Quattordici anni dopo Festen, Thomas Vinterberg torna in Concorso a Cannes: allora fu una rivelazione, stavolta è un capolavoro. Il suo Jagten (The Hunt) indaga gli spaventosi territori nei quali può ritrovarsi un uomo, prima stimato e benvoluto da tutti, poi osteggiato e trattato alla stregua di un perfido criminale.
Scritto (insieme a Tobias Lindholm, già sceneggiatore del precedente Submarino) e diretto con precisione chirurgica, il film è astuto, ma non furbo: l'assunto è quello che da sempre accompagna le convinzioni degli adulti ("i bambini non mentono mai"), lo sviluppo quello di un racconto d'assedio. La grandezza di Jagten - per il quale Mads Mikkelsen (alla prima prova con Vinterberg) fornisce l'ennesima, enorme interpretazione - è proprio quella di non ricorrere al trucco, al colpo basso di far credere allo spettatore qualcosa che non è: Lucas è innocente, lo sa lui, lo capiamo noi. E l'empatia nei confronti del personaggio è totale, sincera: in questo, Vinterberg compie un miracolo cinematografico, invocando aiuto per il suo protagonista, ingiustamente accusato e fatto fuori da qualsiasi attività sociale, progressivamente sempre più solo con il suo dolore.

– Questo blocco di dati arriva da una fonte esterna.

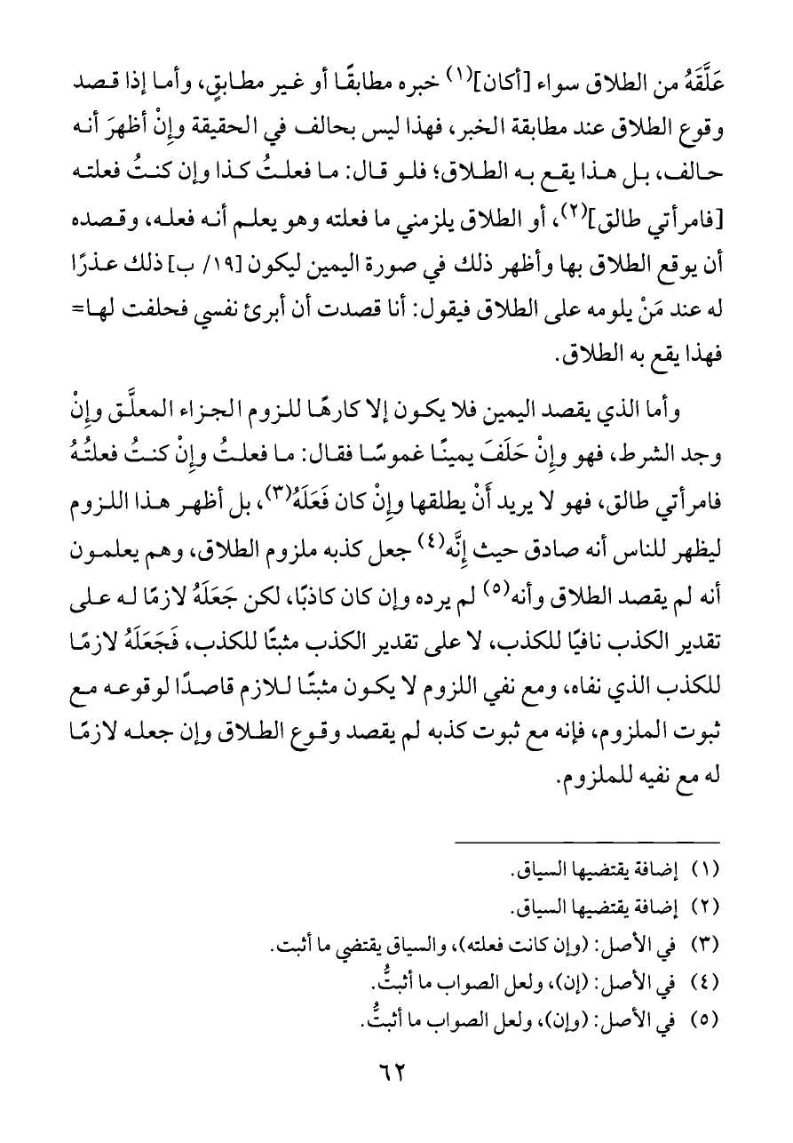 وأما الذي يقصد اليمين فلا يكون إلا كارهًا للزوم الجزاء المعلَّق وإِنْ وجد الشرط، فهو وإِنْ حَلَفَ يمينًا غموسًا فقال: ما فعلتُ وإِنْ كنتُ فعلتُهُ فامرأتي طالق، فهو لا يريد أَنْ يطلقها وإِنْ كان فَعَلَهُ (¬٣)، بل أظهر هذا اللزوم ليظهر للناس أنه صادق حيث إِنَّه (¬٤) جعل كذبه ملزوم الطلاق، وهم يعلمون أنه لم يقصد الطلاق وأنه (¬٥) لم يرده وإن كان كاذبًا، لكن جَعَلَهُ لازمًا له على تقدير الكذب نافيًا للكذب، لا على تقدير الكذب مثبتًا للكذب، فَجَعَلَهُ لازمًا للكذب الذي نفاه، ومع نفي اللزوم لا يكون مثبتًا للازم قاصدًا لوقوعه مع ثبوت الملزوم، فإنه مع ثبوت كذبه لم يقصد وقوع الطلاق وإن جعله لازمًا له مع نفيه للملزوم.

Ovviamente Lucas perde il lavoro, la sua situazione si aggrava dopo che altri bambini, gli stessi che prima del racconto di Klara lo adoravano aspettandolo nel cortile del kindergarten, iniziano a convergere verso la stessa versione dei fatti, al supermercato viene malmenato e buttato fuori: la calunnia si è fatta cancro, Lucas è un mostro. Un pedofilo. Lo è diventato per volere degli adulti (si pensi alla scena in cui la piccola Klara è "interrogata" dallo psicologo), di gran parte dei suoi vecchi amici, in primis la mamma e il papà della bambina, quest'ultimo combattuto sin dall'inizio sulla reale colpevolezza di Lucas.
Anche qui, il regista danese è bravo a far emergere gli aspetti contraddittori di una situazione inaspettata, impensabile e dalla gestione difficilissima: nei fatti è un tutti contro uno, ma c'è ancora qualcuno disposto a non trasformare l'uomo in una facile preda, in primis il figlio Marcus e con lui un altro amico di Lucas, padrino del ragazzo. E non sbaglia a condurre il racconto verso un finale (magnifico) che solamente in apparenza sembra riportare le convinzioni della comunità sui binari del vero. Il senso profondo di Jagten è tutto lì: confermato colpevole o rilasciato dalle autorità competenti, "perdonato" o meno dal padre di Klara, tenuto ai margini o reintegrato nel gruppo, Lucas - per sempre - sarà considerato un mostro. Qualcuno che, in un momento o nell'altro, proprio come i cervi che da sempre ama cacciare con gli amici, potrebbe fare la fine che "si merita". Eccezionale.